Lucky Money – PJ Nutting

I said to the group while he collected his things, I have an idea, Mr. Translator, come with me. We were the only guests at our hotel, and of course it was late, but do you think we could bring this poor kid with us and try to get him a room. The translator agreed, laughing and saying the kid now had more cash on him than any of us.

So it was that two grown men walked a ten-year-old boy down dark, empty streets, awkwardly asking questions about home and family and trying not to stumble. And that is how two grown men knocked on the door of the hotel, its iron gate now latched across the entrance, and how an old Vietnamese woman saw them standing there with a local boy at 2 a.m., asking in broken Vietnamese for another vacant room.

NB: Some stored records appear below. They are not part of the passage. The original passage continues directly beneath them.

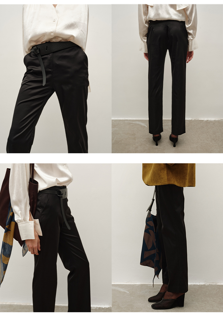 HIDEMI 进口天丝聚氨酯缎面超显瘦烟管裤神裤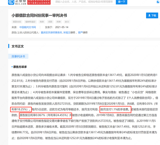 一则小额借款合同纠纷判决书显示,借款人通过猪八戒金融旗下的“小也云贷”申请贷款,日利率0.05,即年化18.25%。此外,猪八戒小贷还向借款人收取每期1%的手续费,即年化12%,合计为年化30.25%;若借款人逾期,还需缴纳年化24.455%的逾期费。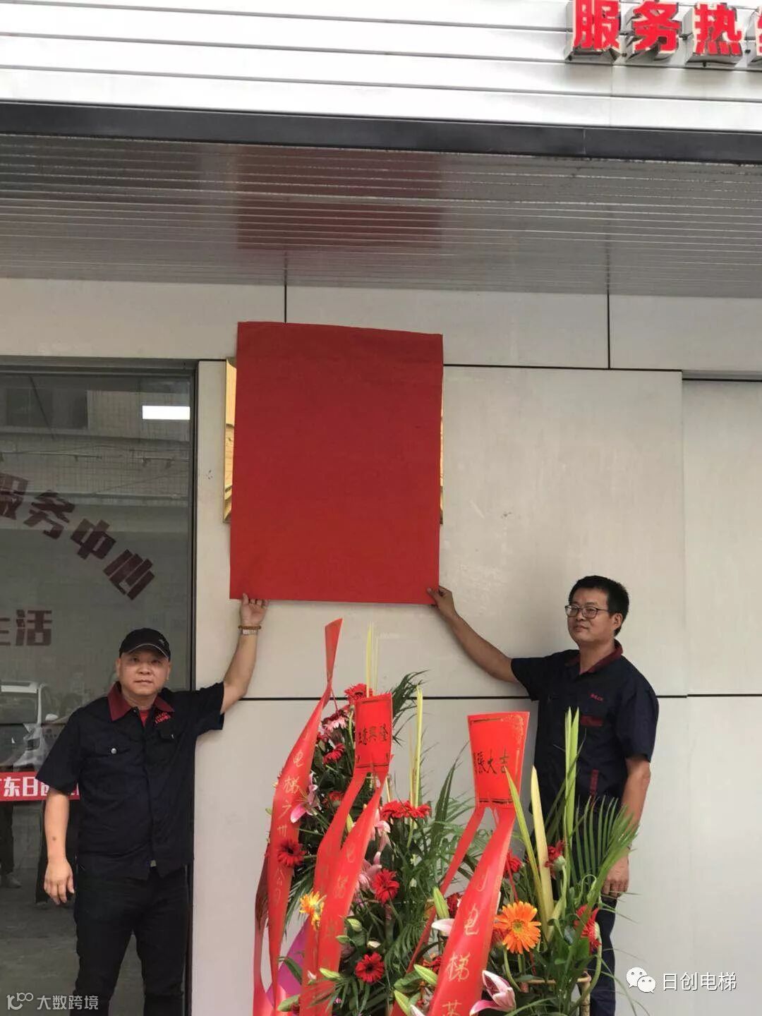 11点18分总公司重要领导亲临现场,为广东日创电梯花都服务中心开业揭牌。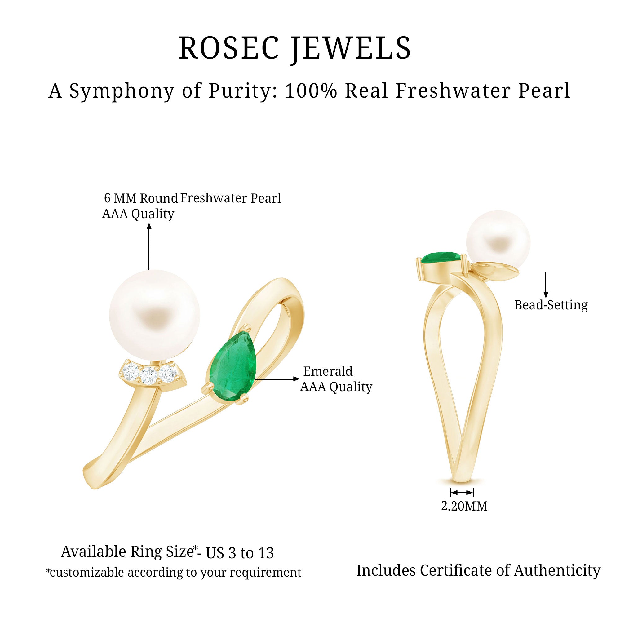 Whispered promises and timeless elegance come together in this exquisite Toi Et Moi Ring, where a luminous 6 mm Freshwater Pearl meets a vibrant 3X5 mm Pear Shaped Emerald in a delicate dance of love. Tiny, sparkling Moissanite stones flank the Pearl, adding just the right hint of shimmer to catch every ray of light and every stolen glance. Designed to wrap gently around the finger, this Pearl Promise Ring embodies connection, making it the perfect symbol of a bond that is uniquely yours. Each glance at this delicate Pearl Emerald Ring evokes romance, devotion and the kind of beauty that never fades. Whether gifted as a promise, an engagement or a meaningful token of affection, this Wrap Ring tells a story of shared dreams and endless devotion. The combination of soft Pearl, vibrant Emerald, and sparkling Moissanite captures the essence of a love that is both gentle and extraordinary. Let this Proposal Ring be the sparkling token to your story of love, a piece as radiant as your feelings.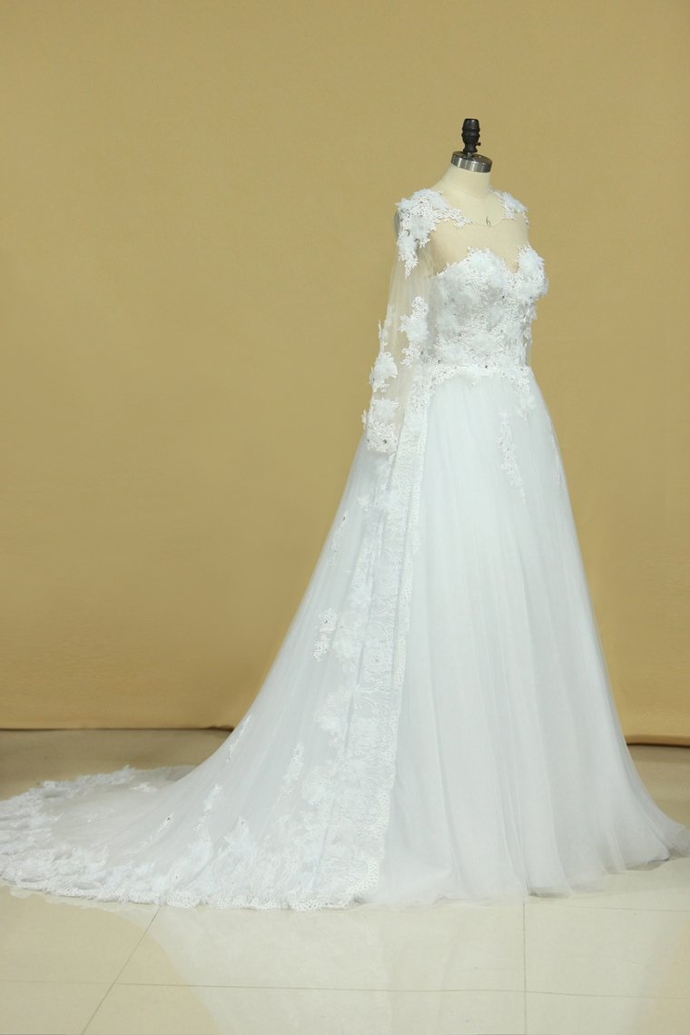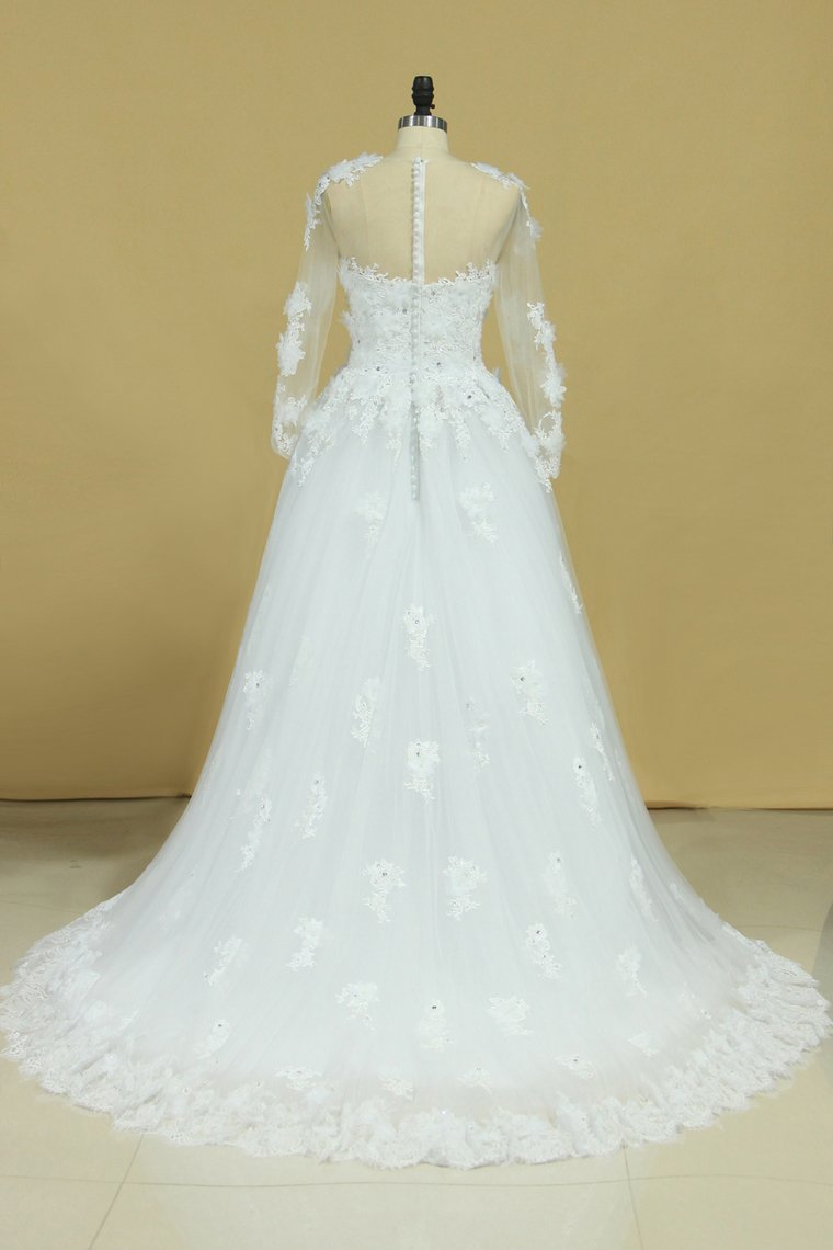 2024 Hot Long Sleeves Wedding Dresses Scoop Tulle With Applique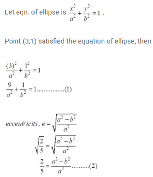 An ellipse whose axes are the axes of coordinates and which passes through the point (3, 1) and eccentricity is √2/5 . Then find the equation of ellipse.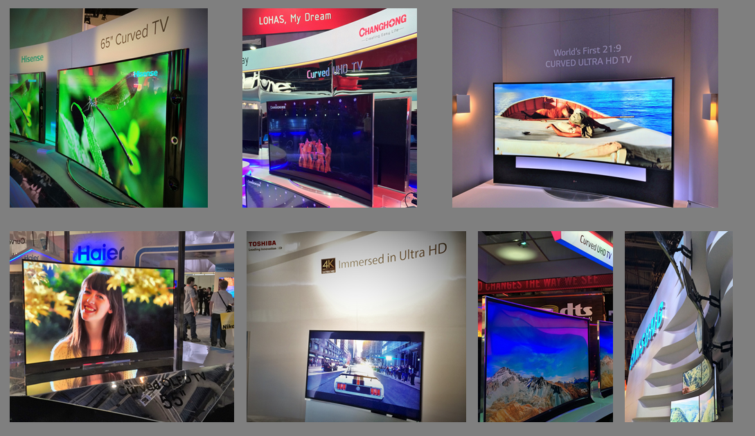 Again, as product managers we see a hardware technology appear because it can but the use case hasn’t yet been determined. Like the first color computer screens that many argued against claiming software was inherently black and white, curved screens are about new use cases not just curving a football game. One view around CES and you can easily see scenarios such as signage that become incredibly cool. Today signs that are interactive are much cooler than static signs (or menus and more). Signs that need to be on curved surfaces are static and boring. Maybe curved displays will be a niche at home and find themselves useful only for commercial signs. I’m going to bet on the creativity of content and product people to develop new use cases and before we know it curved screens will be ubiquitous as “flat screens”.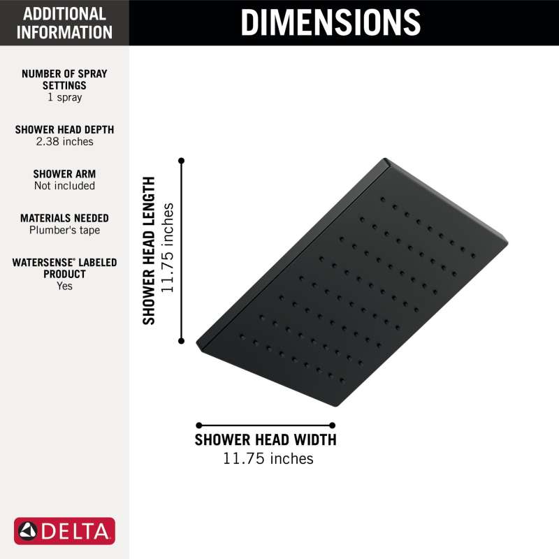 • 52159-BL Universal Showering Components Single-Setting Metal Raincan Shower Head, Matte Black Matte Black

It all dawned on me at once. If this woman calls the police, the boy will tell them I gave him a $100 note and insisted he come here. They will see my phone’s translator history says how old are you and don’t tell mom. Oh, Jesus, I had been in Vietnam for less than a month and I would spend much longer than that behind bars. It was frankly shocking that the woman simply opened the padlock and let all three of us inside without a word.

Translator, I said to the Brit, explain to this woman that the kid gets his own room. For the love of God, please make her understand. She handed the key to him, and he handed the key to the boy. I didn’t know how to say goodnight, and I let him find his own way to his room. Come oon, thank you. Toy tick noy, I like here.

 

The next morning, I opened my eyes to peeled-paint walls and the sunrise coming through the wood-slatted window. The springs in the bed creaked as I rolled over. A night’s worth of vodka swum across my head from temple to temple. I grabbed desperately at a bottle of water by my bedside and sat up slowly to drink it. Outside, I could hear the rest of the group had already begun to rally. Now was the end, the time to recover Frank and get back to Hanoi.